Despite that, executives remain unsure about what the "new normal" will be for trading activity and when the market will settle at that level.

"We are all trying to figure that out," Morgan Stanley Chief Financial Officer Sharon Yeshaya said in an interview.

Although overall trading revenue dropped by around a third from this time last year, it remains well above pre-pandemic levels for the largest Wall Street banks.

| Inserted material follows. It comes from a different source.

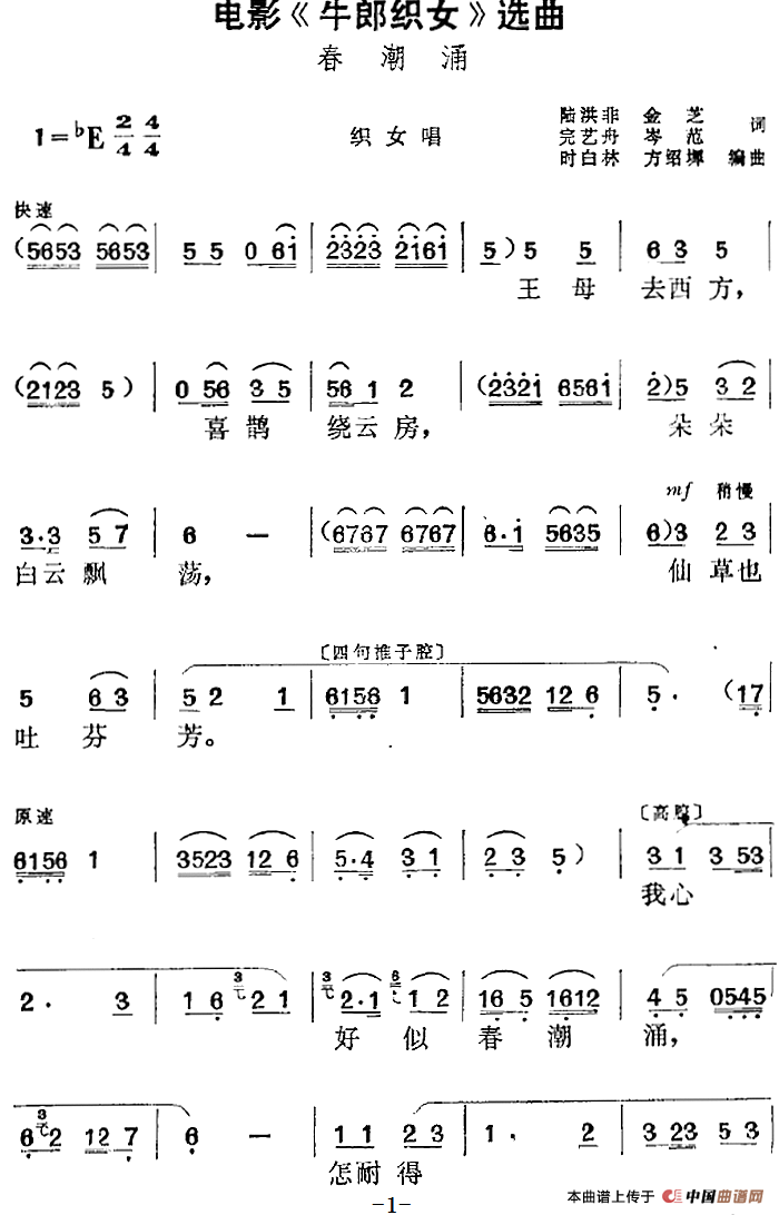 关于《电影《牛郎织女》选曲:春潮涌》曲谱的评论

"We're not going back to 2019 levels anytime soon," said Goldman Sachs Chief Executive Officer David Solomon in an interview with CNBC.

Executives at Goldman Sachs and Morgan Stanley point to a larger overall market and an increase in their market share as European rivals retreat and they to more trading on behalf of corporate clients.

"The (FICC) wallet feels bigger than it was pre-pandemic," said Morgan Stanley's Yeshaya. "We are capturing a bigger share than we had before."

However, some analysts are skeptical.

"I would be cautious to say the size of that market has increased," said Mark Doctoroff, MUFG's global co-head of financial institutions group.

Goldman Sachs and Morgan Stanley - the banks that are most reliant on capital markets - will face challenges as market activity returns to more normal levels, analysts say.

Those banks have benefited more than others as the trading and investment banking boom of the past year drove their earnings growth and gave a sharp boost to their share prices.

Morgan Stanley shares now trade at more than three times their value at the start of the pandemic. Goldman Sachs' shares are worth nearly three times what they were when COVID-19 hit.